El proyecto oficial para reformar la Carta Orgánica del Banco Central es “necesario, pero timorato”, según el diagnóstico del abogado Horacio Liendo, quien reclamó avanzar hacia un régimen de libertad cambiaria plena y advirtió que, mientras subsista el control de cambios, persistirá el riesgo de “corrupción”.

La crítica llegó en medio del debate legislativo por la nueva ley del ente monetario, uno de los proyectos centrales de la agenda de desregulación que impulsa el equipo económico de Javier Milei.

Liendo, abogado especializado en derecho bancario y en la reestructuración de deuda pública, expuso este mediodía en un almuerzo semanal del Rotary Club de Buenos Aires, donde repasó la historia de las crisis económicas argentinas y evaluó los desafíos de la actual gestión libertaria.

El especialista fue uno de los arquitectos legales del plan de Convertibilidad en los años 90, cuando se desempeñó como secretario de Coordinación del Ministerio de Economía junto a Domingo Cavallo y, posteriormente, como director del Banco Central.

También participó de la negociación de la deuda externa en el Plan Brady y el Club de París, y volvió a la función pública en 2001, en el tramo final del gobierno de Fernando de la Rúa.

En su exposición, Liendo señaló una inconsistencia entre el discurso oficial de “cambio profundo” y la persistencia de reglas cambiarias que, dijo, datan de la década de 1930. Apuntó en particular contra el control de cambios y la obligación de liquidar divisas, y sostuvo que la Argentina debería avanzar hacia “un régimen de total libertad cambiaria” en el que el Banco Central se limite a regular el mercado monetario y financiero, sin intervenir sobre el mercado de cambios.

Fue en ese contexto que planteó su frase más contundente: en un esquema de libertad cambiaria plena “no hay posibilidad de corrupción”, en referencia a los incentivos que —según su visión— genera hoy el propio esquema de controles.

Sobre el proyecto de reforma de la Carta Orgánica del BCRA, que retoma estándares de la época de la Convertibilidad para limitar el financiamiento del Banco Central al Tesoro, Liendo fue elogioso pero remarcó sus límites: “No está inserta en el cambio de régimen monetario que Argentina necesita. Es parte de eso, pero no es suficiente”, afirmó.
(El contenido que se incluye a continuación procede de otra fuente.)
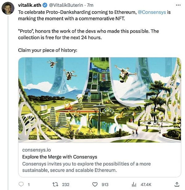 内容为一条关于Danksharding的纪念NFT免费领取链接。尽管这条推文还快被删除,但黑客还是盗走约70万美元资金。
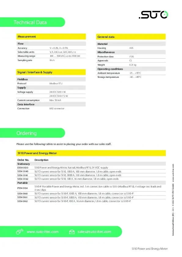 - Power & Energy Meter S110 dirancang untuk memberikan pengukuran yang sangat akurat, dengan tingkat kesalahan yang sangat rendah.

El expositor también cuestionó el Régimen de Incentivo para Grandes Inversiones (RIGI), al que calificó de “conceptualmente equivocado” por crear una suerte de “fueros” para quienes inviertan más de 200 millones de dólares. Consideró que ese esquema desalienta las inversiones “normales y regulares” y puede generar apreciaciones artificiales del tipo de cambio que terminen perjudicando a la actividad económica en su conjunto.
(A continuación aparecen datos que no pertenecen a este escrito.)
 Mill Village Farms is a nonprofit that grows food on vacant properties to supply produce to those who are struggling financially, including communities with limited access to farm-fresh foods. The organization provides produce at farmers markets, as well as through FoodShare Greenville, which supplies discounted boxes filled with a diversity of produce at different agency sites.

Hacia el cierre, Liendo llamó a distinguir las “fuentes sanas” del pensamiento liberal de sus versiones extremas, en una definición que aplicó tanto al peronismo como al armado libertario: “Así como dije que el peronismo era un extremismo de la doctrina social de la Iglesia, el libertarismo sería un extremismo del pensamiento liberal. Todos los extremismos son malos”, concluyó.